11. Glenda Cox – glenda.cox@uct.ac.za
Henry Trotter – henry.trotter@uct.ac.za
Thank you
UCT, Fort Hare or UNISA: Which University is OER Ready?
by Glenda Cox and Henry Trotter is licensed under a Creative
Commons Attribution 4.0 International License.
Editor's Notes
Welcome to this short presentation on considering the readiness of these three SA universities for OER adoption. Henry and I both work in the Centre for Innovation and Teaching and Learning (CILT) at UCT. I will start with a short introduction and Henry will talk about the indicators of readiness and a proposed model of OER adoption.
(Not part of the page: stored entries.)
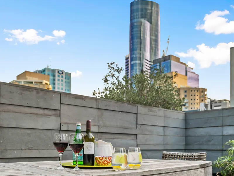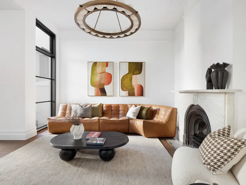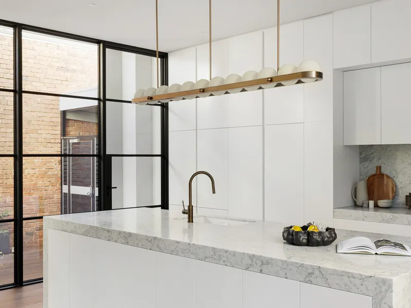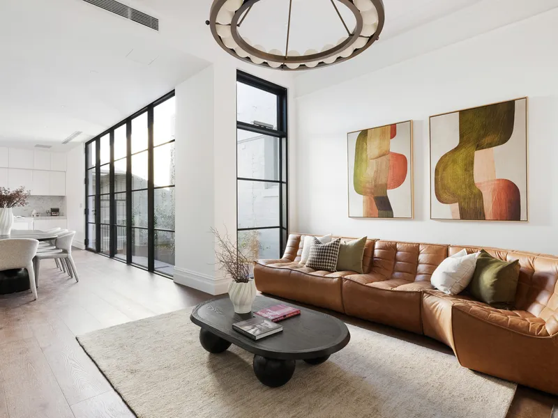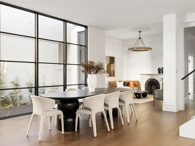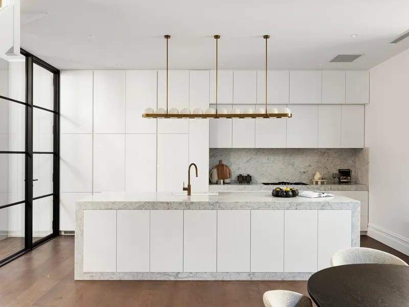 At the heart of the home, expansive open-plan living and dining areas are bathed in natural northern light through striking steel-framed windows. The designer kitchen is finished to the highest standard, featuring Calacatta marble benchtops and splashback, bronze tapware, bespoke lighting and a full suite of Miele appliances including dual ovens, 900mm gas cooktop, integrated fridge and dishwasher. Two private alfresco terraces, framed by lush greenery and original brickwork, create the perfect setting for entertaining, with direct access through the garage to the park beyond.
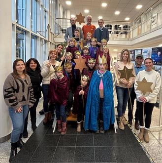 „Es ist Sternsingerzeit, öffnet die Türen weit“ sangen die 13 Sternsinger aus Kleinfischlingen und Großfischlingen mit ihren erwachsenen Begleitern und brachten am 11. Januar 2024 den Segen in die Verbandsgemeindeverwaltung.
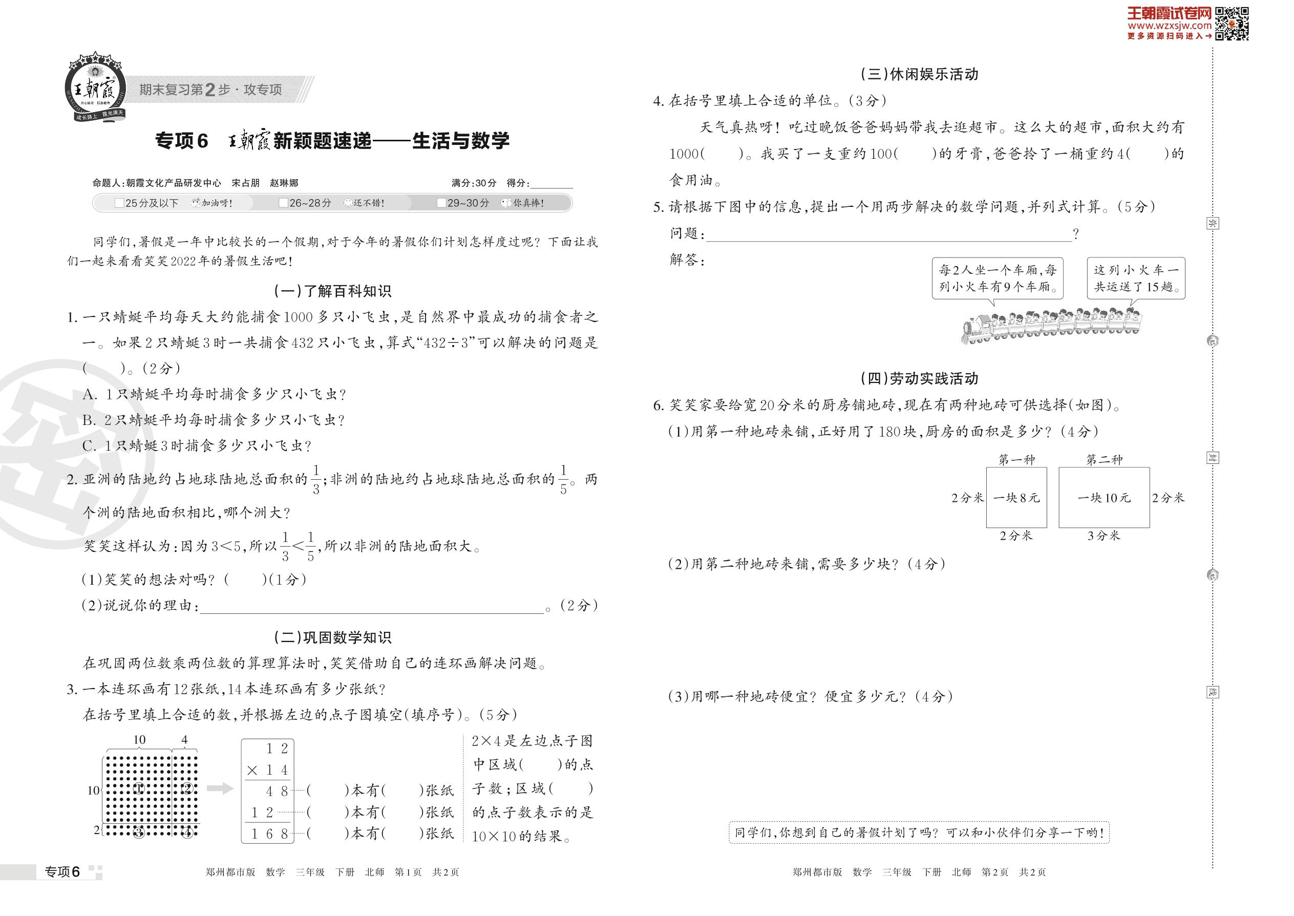 王朝霞期末专项卷——王朝霞新颖题速递:生活与数学三年级下册数学(北师版)【6】

The Research on Open Educational Resources for Development (ROER4D) project aims to provide evidence-based research from a number of countries in South America, Sub-Saharan Africa and South / South East Asia. The research here is from one of 18 sub-projects from 26 countries that aims to redress the current imbalance where so much research on OER is from the Global North. The primary objective of the programme is to improve educational policy, practice, and research in developing countries by better understanding the use and impact of OER. For more information, see: http://www.roer4d.org
Today we will only explore aspects of the second question that considers the social and cultural conditions necessary for OER adoption. As we began to analyse our research we realised that, to answer these questions, we needed to take one step back to also consider basic structural conditions that also need to exist before OER can be adopted.
We travelled to the other universities and conducted workshops on OER and Creative Commons. These universities have quite different characteristics, as the table shows.
After conducting the workshops, we interviewed 6 staff members at each university on their teaching and OER in/activities.
As we were conducting our research, it became clear that a number of factors shaped OER adoption decisions at these universities. But 6 of them stood out as having a “determinative” effect on OER activity and its potential. These are factors which, if you ask, “can OER activity proceed here without them?”, the answer would be “no”. So we developed what we call The OER Adoption Pyramid.
When we used The OER Adoption Pyramid to analyse and compare the three universities, we were able to generate what we call “OER Readiness Tables” to visualise the levels of readiness that each institution has for the different pyramid factors. We do this according to a simple colour scheme based on 5 levels: very low, low, medium, high and very high. But because there are two components to OER adoption – use and creation – as well as two potential agents of OER adoption – academics and institutions – we end up with multiple tables. In this first one, we’re assessing OER readiness if the academic is considered the user.
In this second one, this shows OER readiness when the academic is taken as OER creators. Here the key feature is that UFH and UNISA possess copyright over academics’ teaching materials, so academics are not able to create and share OER from their teaching materials. They do not have permission.
This third OER readiness table looks at institutions as creators, which shows challenges for a university like UCT (which has given copyright over teaching materials to the academics), challenges for UFH (which lacks awareness and volition) and real opportunities for UNISA which has developed an OER Strategy to potentially (in the future) share its IP assets as OER materials. (There is no need for a table showing institutions as users, because institutions do not typically “use” educational resources; rather academics do that.)